- Location: Ram Janmabhoomi, Ayodhya, Uttar Pradesh, India
- Date: 5 July 2005
- Target: Ram Janmabhoomi
- Attack type: Suicide car bombing, mass shooting, terrorist attack
- Weapons: VBIED, AK-47s, Type 56 assault rifles, carbines, M1911 pistols, M67 grenades
- Deaths: 8 (2 civilians and 6 militants)
- Perpetrator: Lashkar-e-Taiba
- No. of participants: 6
- Defenders: CRPF, UP Police, UP PAC
- Convictions: Life sentence
- Convicted: 4

= 2005 Ram Janmabhoomi attack =

Terrorist attack in Ayodhya, India

On 5 July 2005, six militants from the Pakistan-based Islamist organisation Lashkar-e-Taiba attacked the makeshift temple to the Hindu deity Rama that stood at the site of the destroyed Babri Mosque in Ayodhya, Uttar Pradesh, India. Five of the militants were shot dead in the ensuing gunfight with the Central Reserve Police Force (CRPF); the other blew himself up in an explosive-laden jeep during a grenade attack that his accomplices had launched to breach the cordoned wall. The attack killed two residents of the area. Seven members of the CRPF were injured: two suffered serious injuries with multiple gunshot wounds.

== Attack ==
Following the demolition of the Babri Masjid in 1992, a makeshift temple had been constructed in the city of Ayodhya. According to local Hindu beliefs, the site is the birthplace of the Hindu deity Rama. The site is therefore claimed by both Hindus and Muslims. On 5 July 2005, the heavily guarded complex was attacked by six armed militants. The militants were from the Pakistani Islamist militant organisation Lashkar-e-Taiba (LeT). The attack was foiled by security officials and all of the attackers were killed. According to the Special Task Force of the Uttar Pradesh Police, LeT had previously targeted the disputed site five times since 2000, including Hanuman Garhi in 2001 with a car bomb which failed to explode and in 2002, 2003 and 2004 when the militants were preemptively captured.
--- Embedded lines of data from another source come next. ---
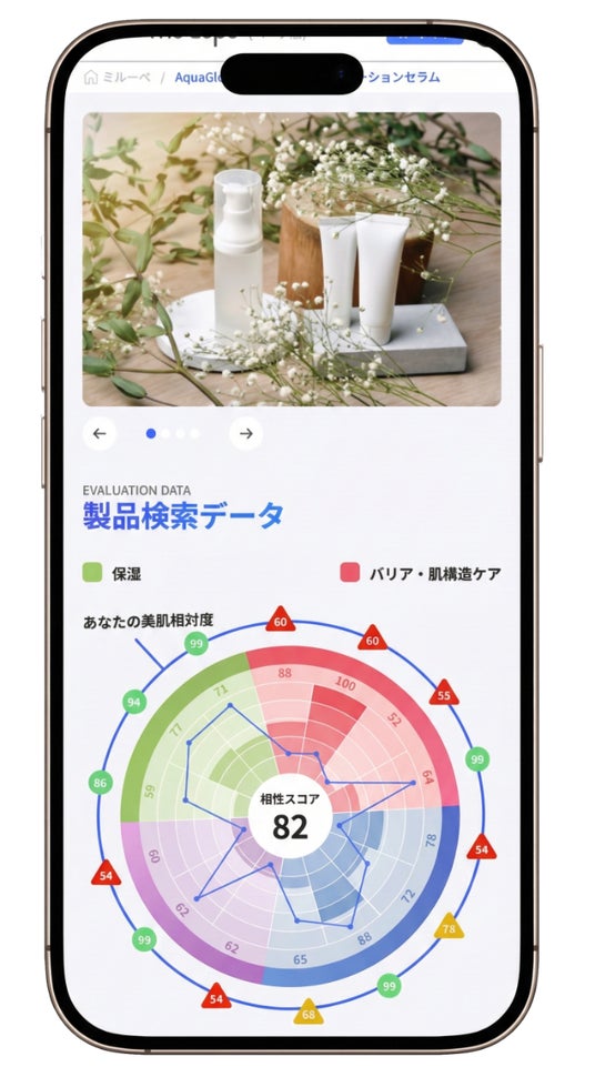 スキンケア製品がうたえる効能は薬機法により21種類の表現に限定されています。この制限により、ユーザーは製品ごとの違いを客観的に把握できず、感覚や口コミに頼って選ばざるを得ない状況が続いてきました。しかし肌状態は人によって異なり、同じ製品でも得られる結果は大きく変わります。「自分に合う製品がわからない」多くのユーザーが抱えていたこの課題に対し、ミルーペは“科学的な選択基準”を提供することを目指しました。
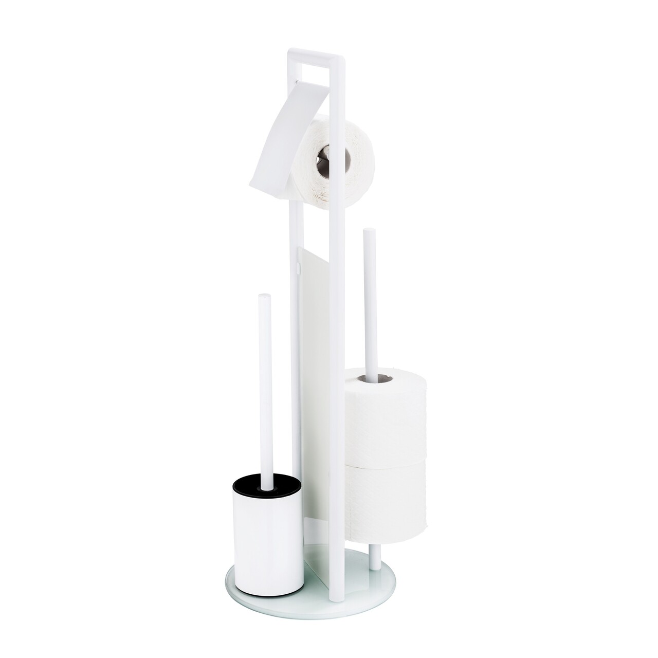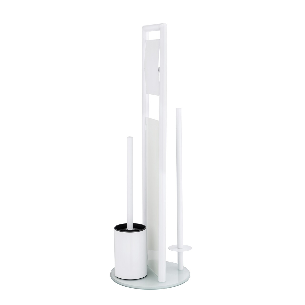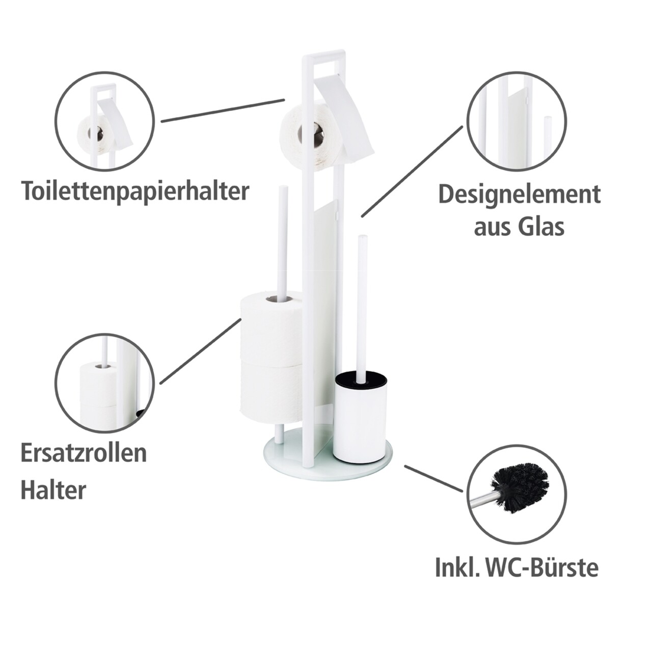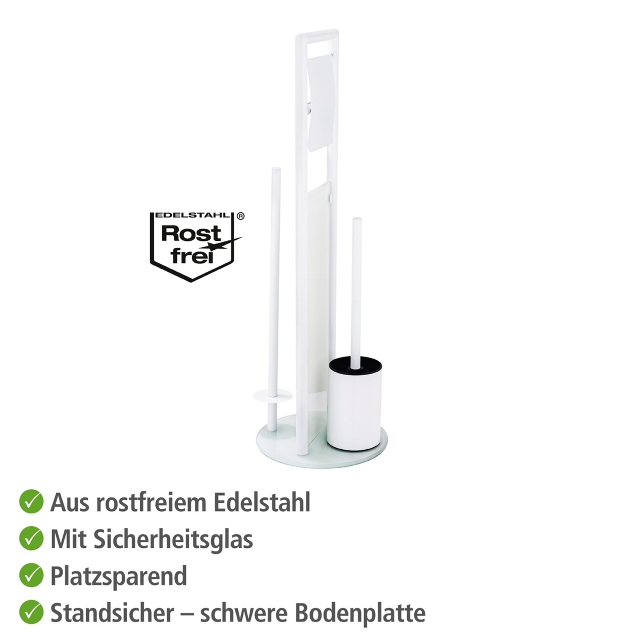 Suport pentru hartie igienica si perie toaleta Ravina, Wenko, 20x70 cm, inox/sticla temperata, alb
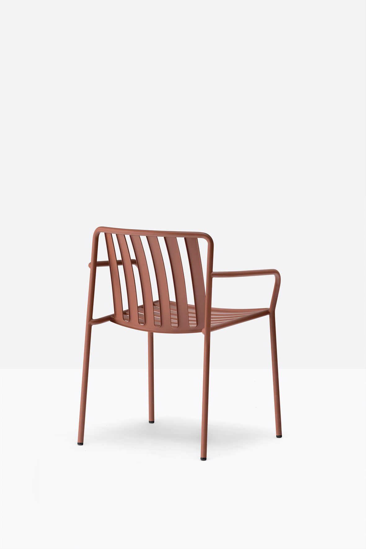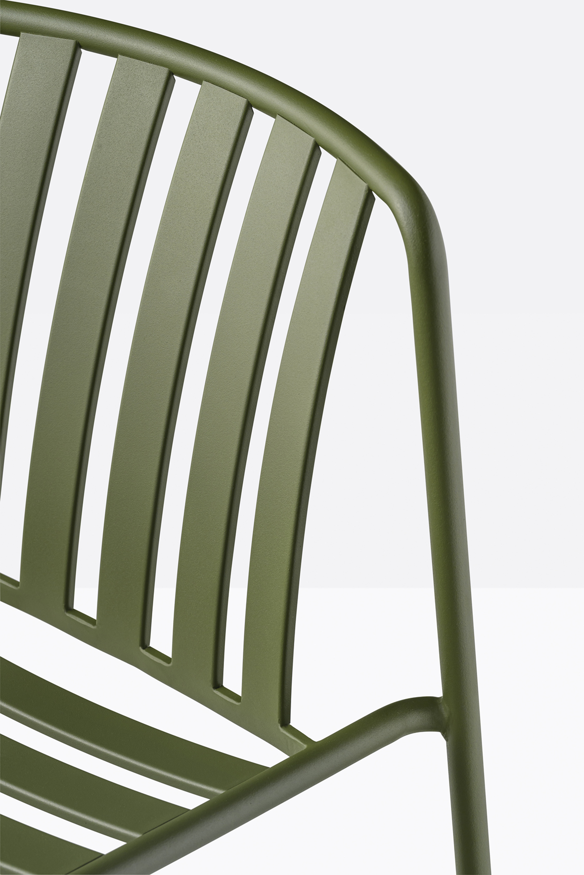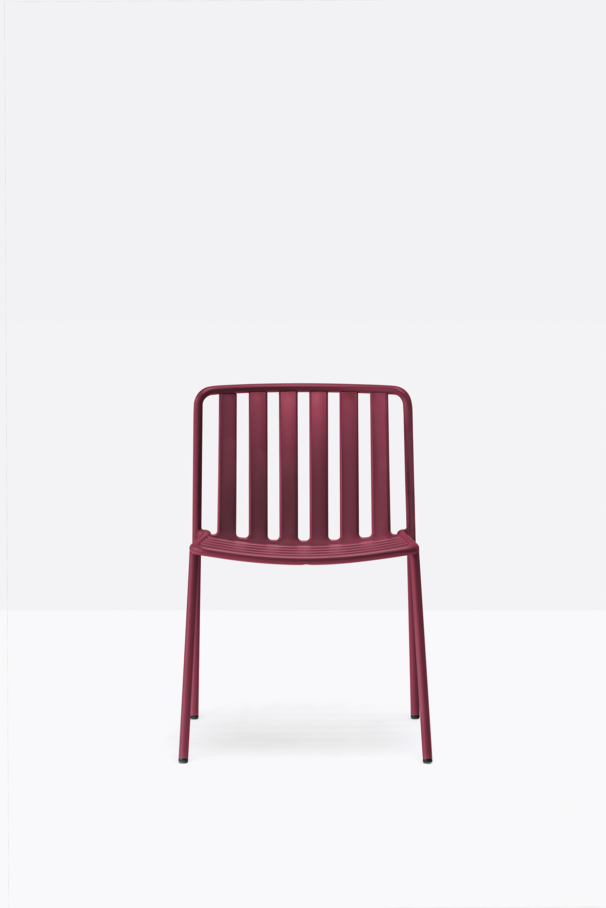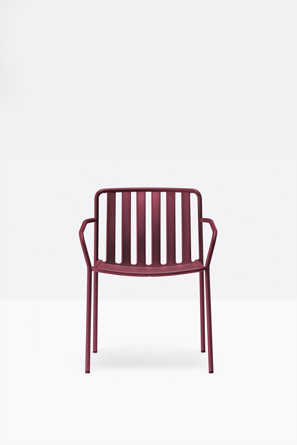 The seat and backrest create a three-dimensional support, ensuring structural solidity and ergonomy. The equally spaced vertical slats of the backrest, moulded and shaped from metal sheet, create a distinctive pattern together with the horizontal ones of the seat.

The militants and were believed to have entered India through Nepal. They posed as pilgrims on their way to Ayodhya, and boarded a Tata Sumo at Akbarpur, near the Kichaucha village in Ayodhya District. Then, in nearby Faizabad, they abandoned the Sumo and hired a Mahindra Marshall jeep driven by a driver, Rehan Alam Ansari. According to a statement by the driver, the militants visited a Ram temple in Ayodhya, where they prayed, possibly to reinforce the impression that they were pilgrims. The militants then drove the jeep into the site, and forced the driver out of the vehicle, banging the jeep against the security cordon. One attacker killed himself in the jeep by detonating it, damaging the surrounding structures at the site and the security fence. At 9:05 am, they hurled M67 grenades to breach the cordon. Ramesh Chandra Pandey, a pilgrim guide who happened to be near the site at this moment, died on the spot as a result of the grenade blast. Firing indiscriminately, the five remaining militants entered the "Mata Sita Rasoi". Returning the gunfire, a platoon of 35 Central Reserve Police Force (CRPF) soldiers killed all five of the militants in a gunfight that lasted for over an hour. Three CRPF soldiers also received serious injuries and, as of July 2008, two remain comatose. All the militants died within 70 metres of the site. Two local residents were killed in the attack, including guide Pandey and bystander Shanti Devi. Strict precautions were taken all over India to protect minorities wherever retaliatory killings were anticipated.

== Investigation ==
The investigating team tracked the phone calls made from the cell phones carried by the militants using the IMEI numbers. The Uttar Pradesh Police recovered a single RPG-7 rocket-propelled grenade launcher, five Type 56 assault rifles, five M1911 pistols, several M67 grenades and some jihadi documents. Rehan Alam, the jeep driver, was detained by the police for further investigations. The killed militants were buried in the Takiya graveyard in the neighbouring city of Faizabad.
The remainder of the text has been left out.